In this paper I will discuss the history of the insanity defense and the controversy that now surrounds the issue in today s society. I will start by giving an historical perspective on the formation of the insanity defense, followed by the landmark trial of Daniel McNaughton, which established the guidelines that would set the standard for nearly a century to come in determining the sanity of the defendant. Lastly, I will discuss the current controversy in American society over the use of the insanity plea in the American Justice system.

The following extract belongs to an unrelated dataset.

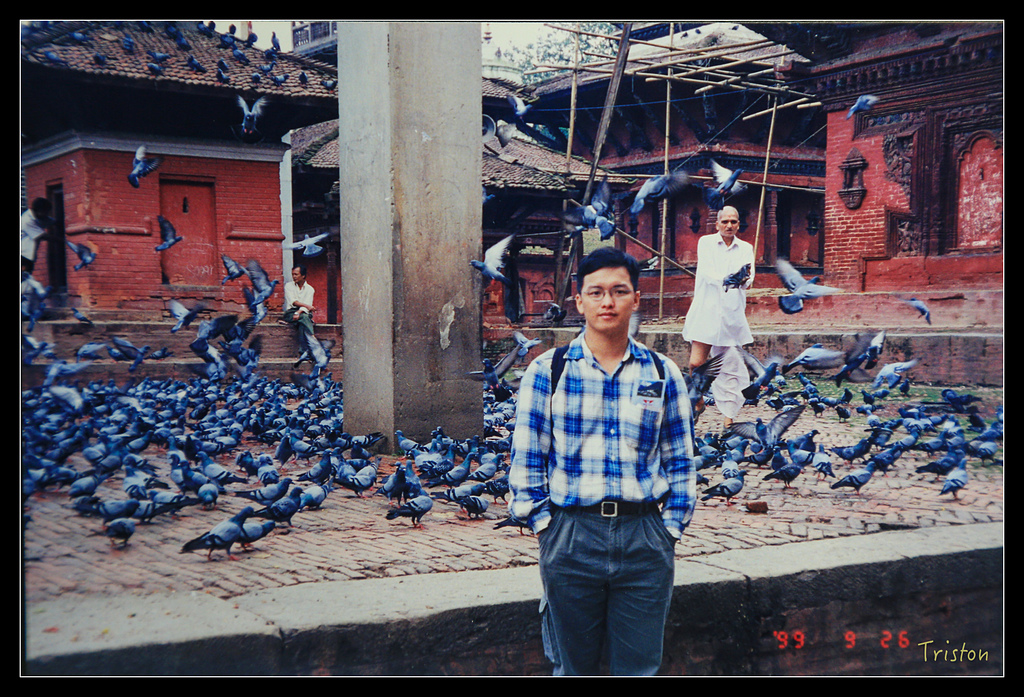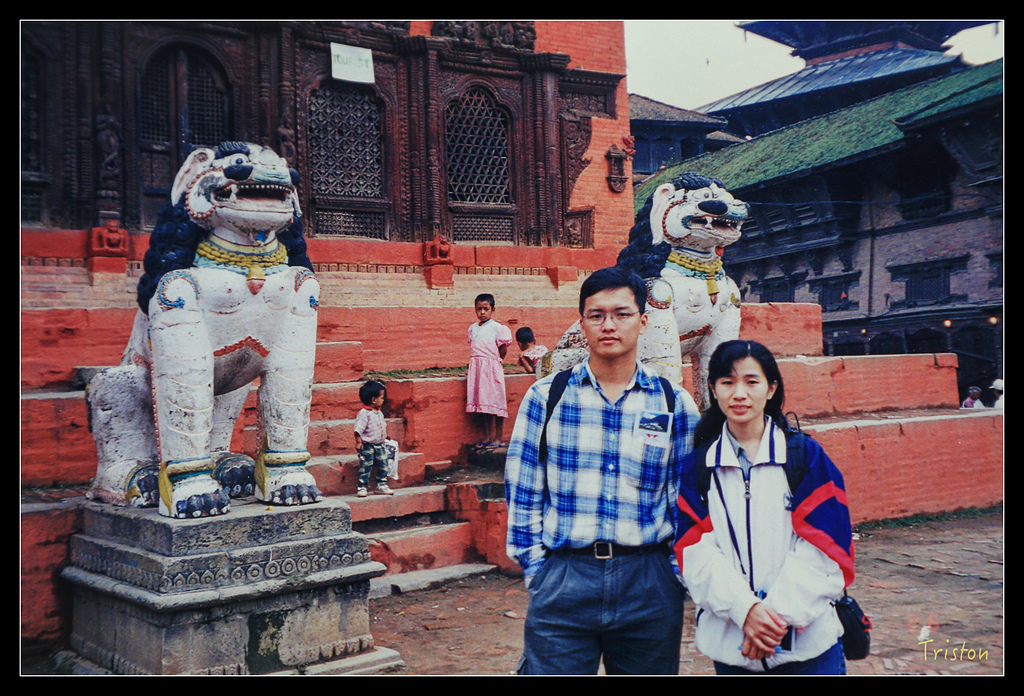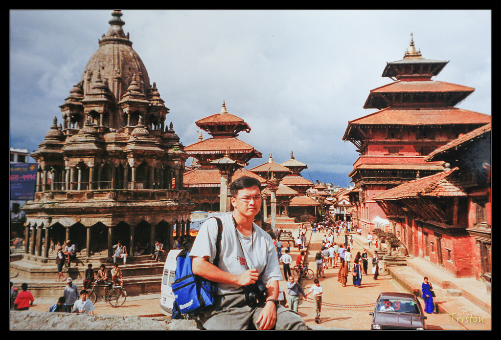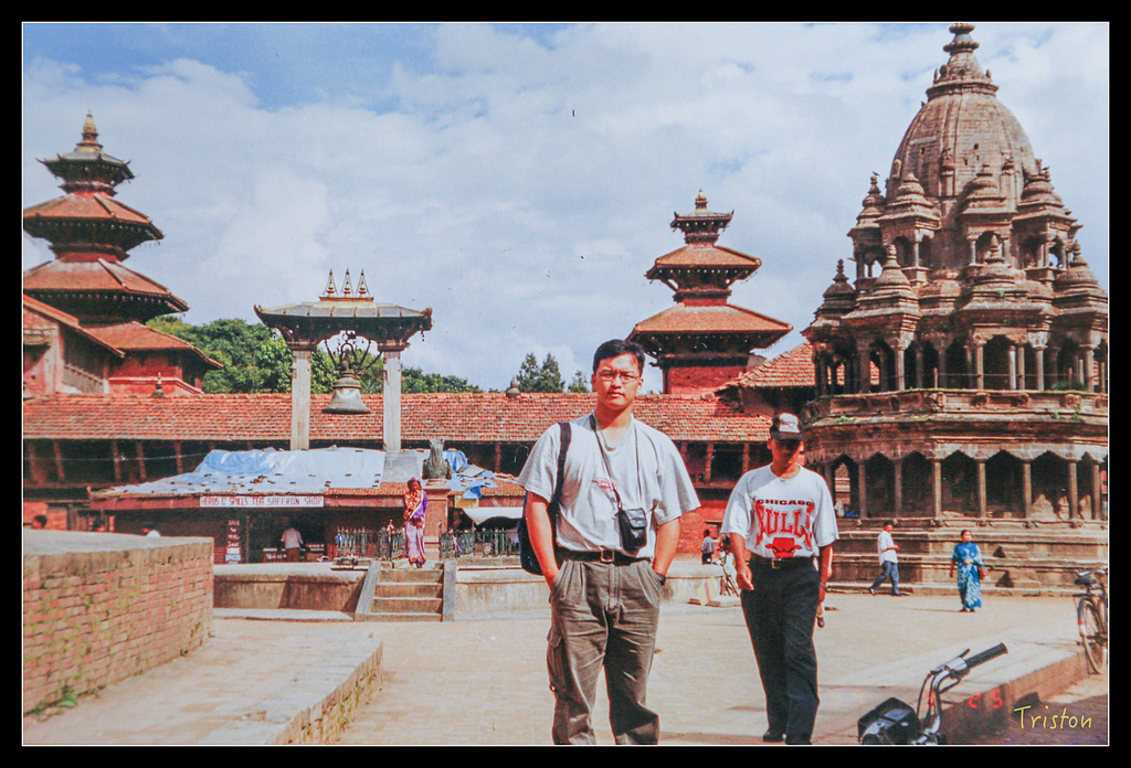 19990925今天一早由波卡拉驅車回到加德滿都,進入加德滿都前,先到帕坦一遊。帕坦(Patan)是加德滿都谷地歷史最悠久的城市,也是谷地的第二大城,當地人稱之為Lalitpur,意指「美麗的城市」。相傳境內有四座佛塔是在印度阿育王(Emperor Ashoka, 304–232 BC)時代所建,帕坦被視為世界上最古老的佛教城之一,擁有136座佛寺及55座多層屋頂廟宇

Throughout history, the abnormality of mental illness and those whom suffer from its alter-reality are forever entangled in the ever so complex changing web of socialistic views that society deems fit for them. For, that the mentally ill hold no true value or place in society, but otherwise are seen as problems that have to be dealt with in whatever means seem fit. Society does not wish to punish the truly mentally innocent, but on the other hand, the fact that the defendant was insane neither diminishes the wrongfulness of his/her act nor consoles the victim who suffered from it. Those who satisfy the criteria for legal insanity who do not know the difference between right and wrong, who lack the capacity to keep their behavior under control-are the people society should fear the most. Without the legal defense of insanity, the criminal law would be deprived of an essential instrument for determining those who are actually mentally ill and fall subject to its jurisdiction. It would be very odd for us to feel ourselves entitled to less control over those who could not control themselves than we have over those who simply did not. There are no quick or easy solutions to the problem of crime and the mentally ill, but if one can distinguish which questions ought to be asked and where to ask them, the answer to the problem may become that much clearer.